Accurate Training Data for Occupancy Map Prediction in Automated Driving Using Evidence Theory
This work addresses the need for accurate training data in automated driving, offering a significant improvement over existing methods but is incremental as it enhances a specific data processing step.
The paper tackled the problem of low-quality occupancy map ground truth in automated driving by introducing a novel evidence theory-based reconstruction method, which improved MAE by 30-53% on benchmarks and boosted occupancy prediction MAE by 25% when used for training.

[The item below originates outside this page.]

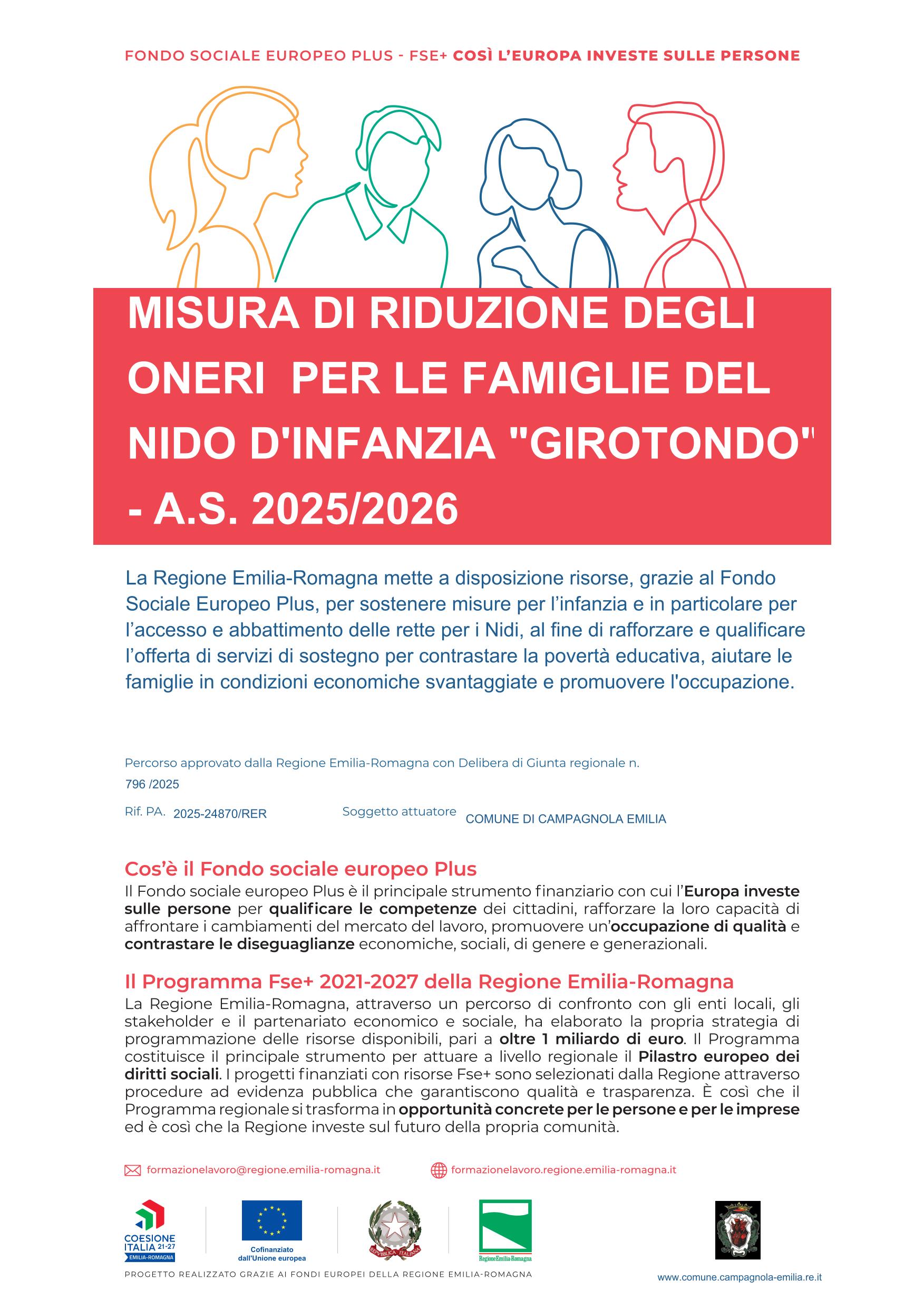 L’Amministrazione comunale di Campagnola Emilia, con deliberazione di Giunta Comunale nr. 111 del 29/09/2025 ha ridefinito il proprio sistema tariffario a seguito del finanziamento regionale per favorire l’accesso e ridurre gli oneri a carico delle famiglie ai servizi educativi per l’infanzia per i bambini in età 0-3 anni per l’anno educativo 2025/2026 come approvata con deliberazione della Giunta Regionale n. 796/2025, nell’ambito del PR FSE+ 2021/2027 Priorità 3. Inclusione sociale (CUP E21I25000170002 -   PA. 2025-24870/RER).
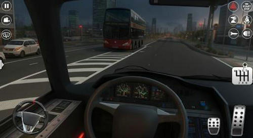 1、游戏采用驾驶模拟视角,在游戏里用户需要操控巴士的方向盘、加速、制动等,体验逼真的驾驶感觉;

Automated driving fundamentally requires knowledge about the surrounding geometry of the scene. Modern approaches use only captured images to predict occupancy maps that represent the geometry. Training these approaches requires accurate data that may be acquired with the help of LiDAR scanners. We show that the techniques used for current benchmarks and training datasets to convert LiDAR scans into occupancy grid maps yield very low quality, and subsequently present a novel approach using evidence theory that yields more accurate reconstructions. We demonstrate that these are superior by a large margin, both qualitatively and quantitatively, and that we additionally obtain meaningful uncertainty estimates. When converting the occupancy maps back to depth estimates and comparing them with the raw LiDAR measurements, our method yields a MAE improvement of 30% to 52% on nuScenes and 53% on Waymo over other occupancy ground-truth data. Finally, we use the improved occupancy maps to train a state-of-the-art occupancy prediction method and demonstrate that it improves the MAE by 25% on nuScenes.